Road to Rwanda
By Sorious Samura
BBC World Service
First broadcast Monday, March 22 at 8.05pm
3/5
Award winning Sierra Leonean documentary maker Sorious Samura follows, Vestine, a Hutu refugee as she returns home to Rwanda 16-years after the genocide.
He wanted to try and understand what it is like to return to a country from the Democratic Republic of Congo after the terrible events of 1994.
Vestine was 16 when she fled with her family. Some, including her father, died and she did not know where the others were. She said: “I didn’t know where my mother had gone.
“That’s when a Congolese man abducted me. Soon after I got pregnant with my first daughter,” – she had four others by him.
Samura describes many of the problems which contributed to the killings which claimed the lives of 5.4 million people in Rwanda, why the Congolese are so resentful about the refugees in their country and the issues when the refugees return despite their obvious excitement about it.
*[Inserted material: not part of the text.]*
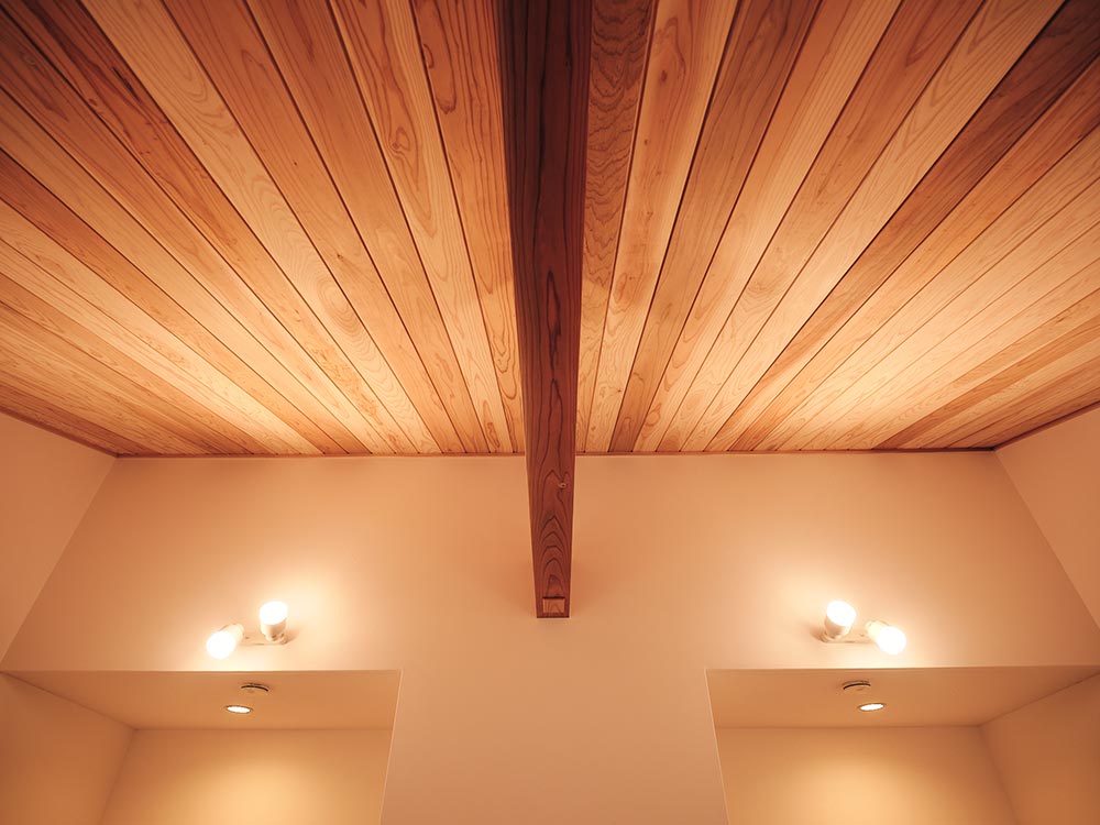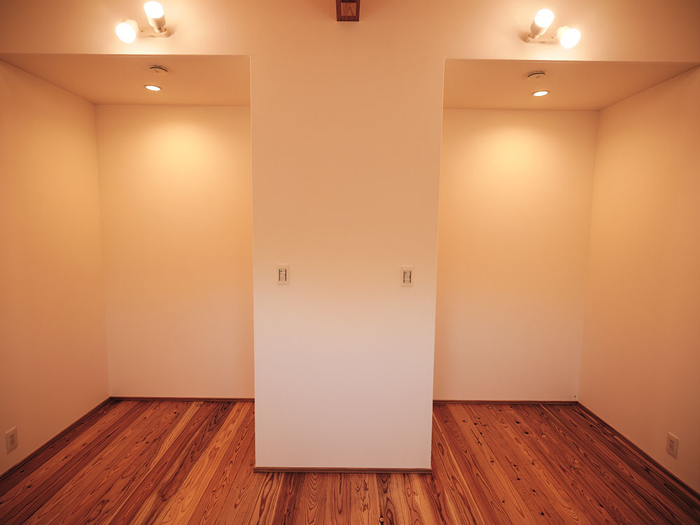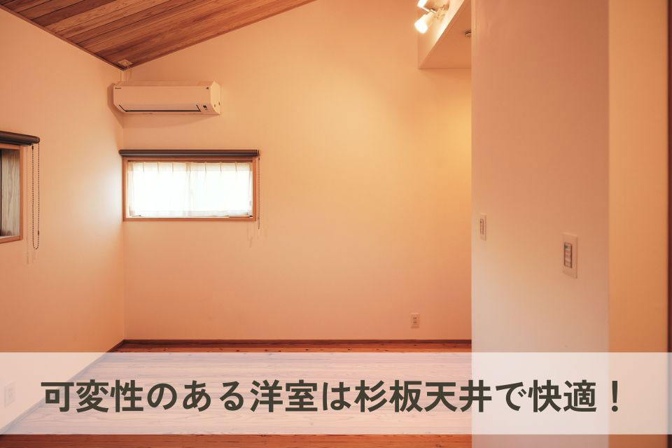 勾配天井と杉板を採用した洋室は、将来的に2部屋に仕切ることも可能です。

Fortunately for Vestine, some of her family members had already returned to her village and she was welcomed back – but it will not always be the same for Rwandans coming back.
Tensions in the African country are still evident as Hutus return to live alongside the very people who killed their parents, brothers, sisters and children years before.
The 25-minute documentary deals with a very delicate subject well, and offers a very personal insight to a conflict which was all too often concerned with hundreds-of-thousands at a time.